Global Warming Advisor
Global Warming Information - Global Warming Facts - Global Warming Articles


 

 

 

GLOBAL WARMING QUICK FACTS

 

- Temperatures around the world have increased by an average of 1.4 degrees since 1880. Most of the temperature increase has occurred in the past few decades.

- Many experts believe that the increase in severe weather conditions such as wildfires, heat waves and extreme storms is accredited in some measure to climate change.

- Ice is melting so rapidly in the Artic that the region may have an entirely ice-free summer before 2040. The lack of ice is causing hard times on polar bears and other indigenous creatures.

- According to climate studies the speed of warming is increasing. The United Nations' Intergovernmental Panel on Climate Change (IPCC) reports that 11 of the past 12 years are warmest since 1850.

- Extremely susceptible to even small changes in water temperature, coral reefs suffered the worst bleaching or demise in response to stress ever recorded in 1998. Some areas saw a 70 percent bleach rate. Experts are predicting that the pace will greatly increase as sea temperatures continue to rise.

- According to the multinational Arctic Climate Impact Assessment report released in 2004 average temperatures in Alaska, western Canada, and eastern Russia have risen at double the global average.

- Snow is rapidly melting in glacier and mountain areas. Thaws now come a complete week earlier and freezes begin a week later in all areas within the Northern Hemisphere.

 

 

- Atmospheric concentrations of greenhouse gases (water vapour, carbon dioxide, methane, and nitrous oxide) have been significantly increased due to industrialization, deforestation, and other pollutants.

- Plants and oceans cannot absorb the amount of carbon dioxide that humans are hammering into the atmosphere.

- A few studies suggest that some solar mechanisms could possibly be playing a partial role.

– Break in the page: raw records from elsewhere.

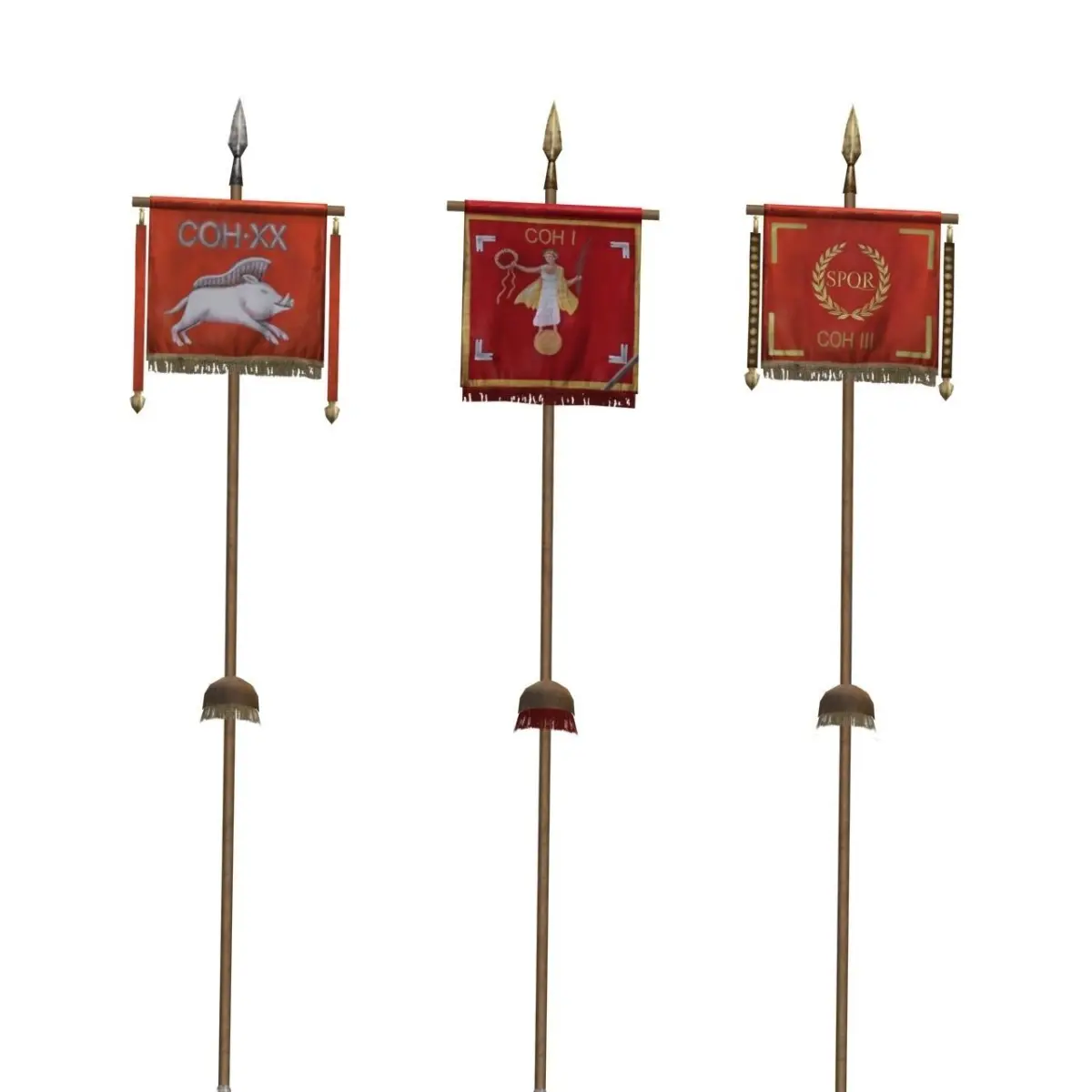 These are low poly models of ancient Roman standards ready for game usage. They were used by the Roman legions of the Marian Reform.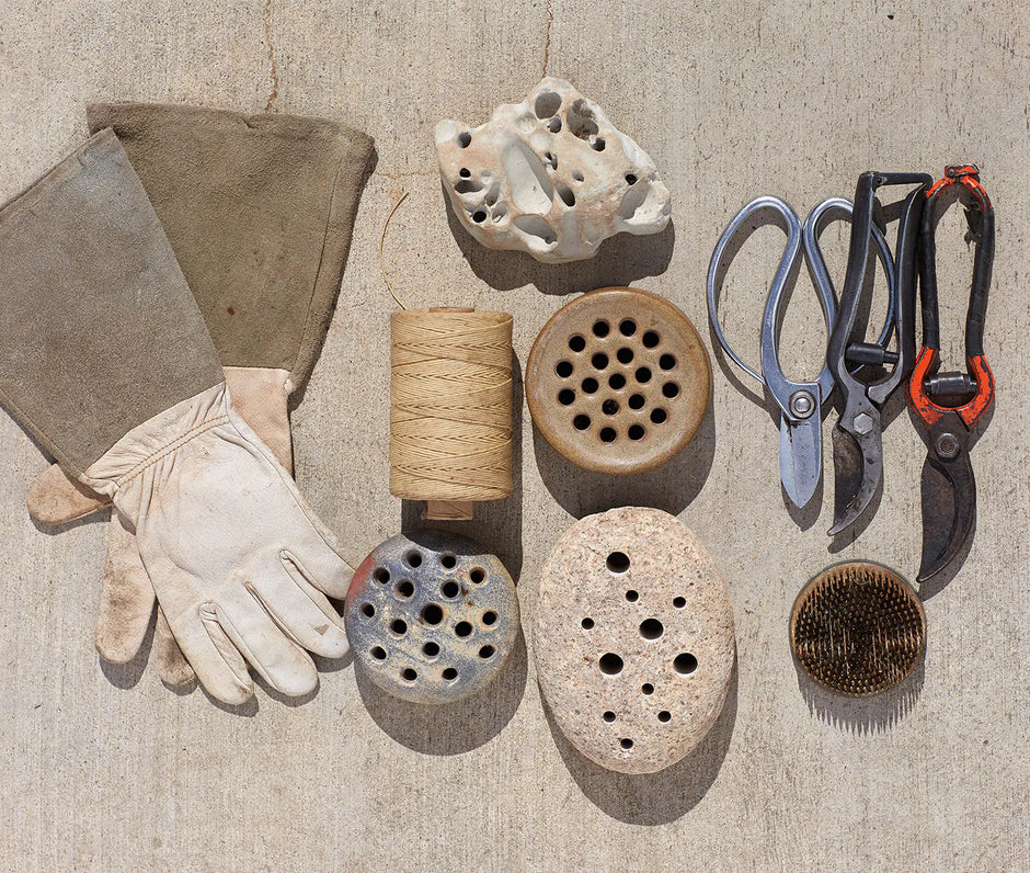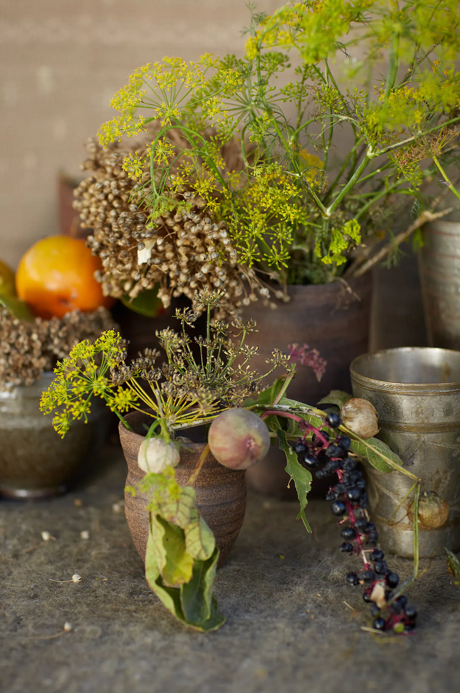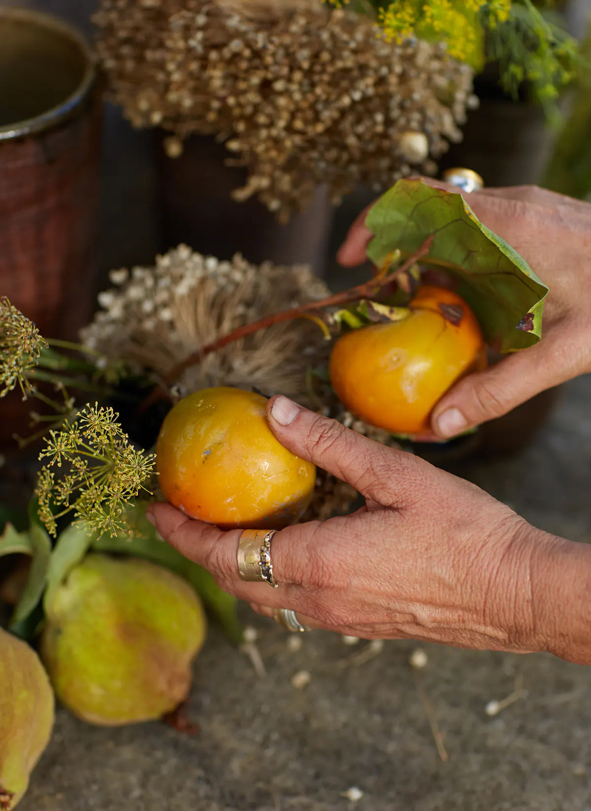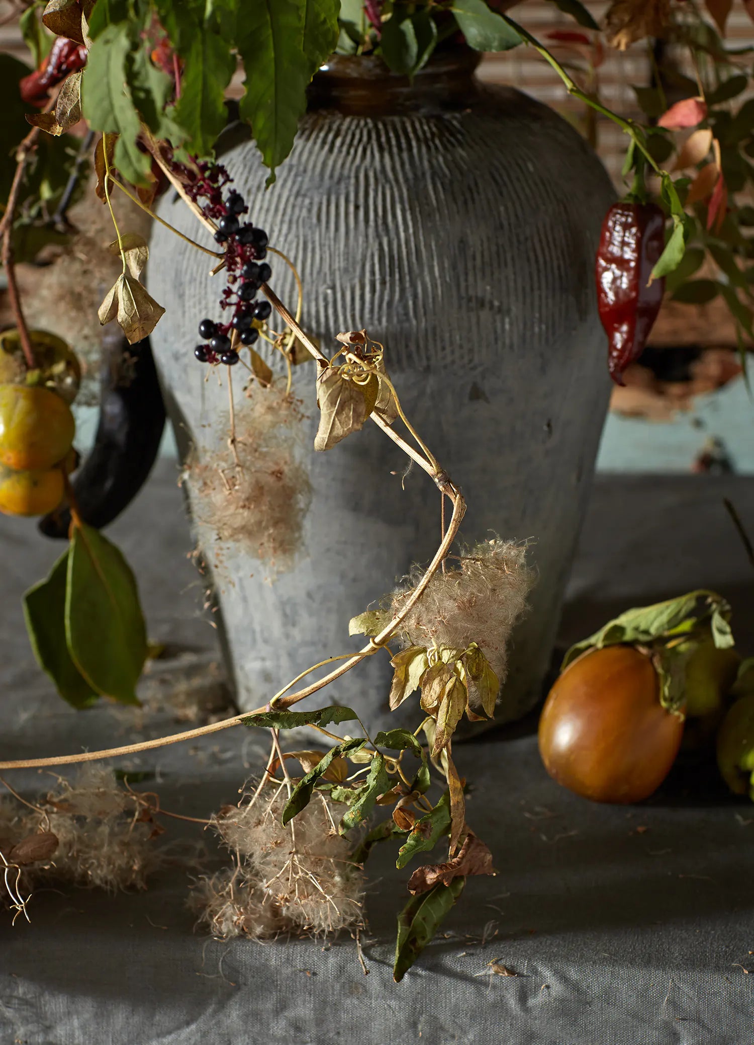 I think people are fearful about scale — they’ll get afraid of a piece tipping over; just start with a heavy vessel. The work begins in the cut — if you’re foraging or gleaning, once you cut something, you can’t make it longer, so err on the side of curvaceous and tall. When you’re building your arrangement, start with the branches that are the biggest, the most beautiful, that have the most poetic curvature.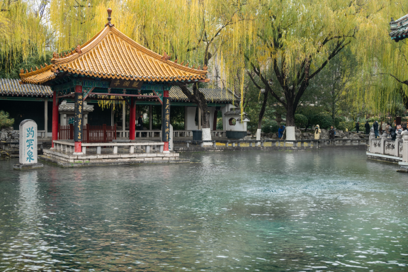 趵突泉は済南の象徴として「天下第一泉」と称され、その独特な自然景観と深い文化的背景は、古くから人々を魅了してきた。元代の書画家の趙孟頫は、詩作『趵突泉』の中で「雲霧潤蒸華不注、波濤声震大明湖」と書き、趵突泉の特有の美景を生き生きと描写している。趵突泉公園内にある濼 源堂には木彫りの楹聯が掲げられており、この千古の名句が刻まれている。これにより、趵突泉の独特な魅力が一層際立っている。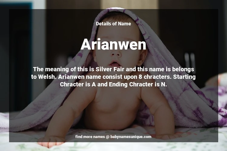The name Arianwen is chosen by those who are willing to find Unique Transgenders Baby Names. The meaning of this is Silver Fair and this name is belongs to Welsh Origin. Baby Name Arianwen consist upon 8 chracters. Starting alphabet is A and ending alphabet is N. This name is used primarily by parents who are considering unique baby names for Transgenders. The Zodiac Sign suitbale for this name are;
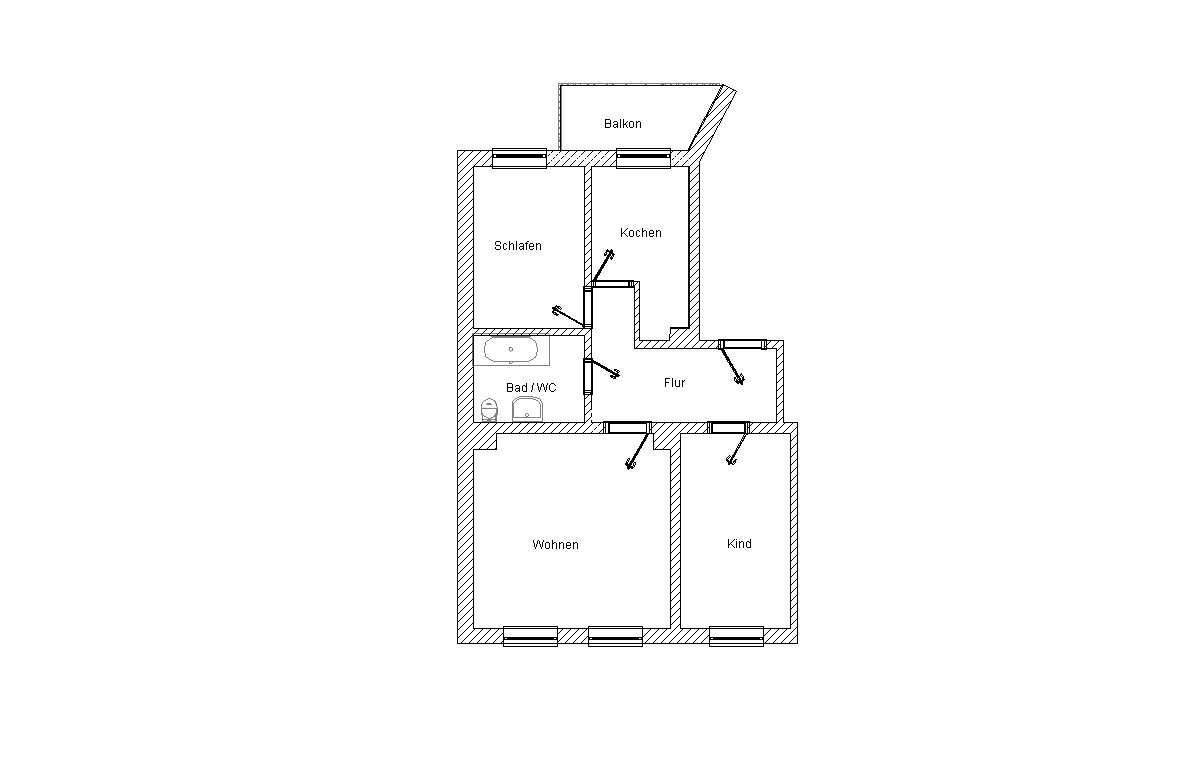 - Aufteilung der Wohneinheit: Wohnen, Schlafen, Kind, Küche, Bad, Flur und Balkon

- Earth has experienced cooling and warming cycles due to orbital shifts roughly every hundred thousand years or so. These cycle changes took several centuries to run their course but today's changes have taken place in less than a hundred year span.

- Even if the offending greenhouse emissions were totally eliminated today, it would not immediately stop global warming since the gases endure in the atmosphere for years.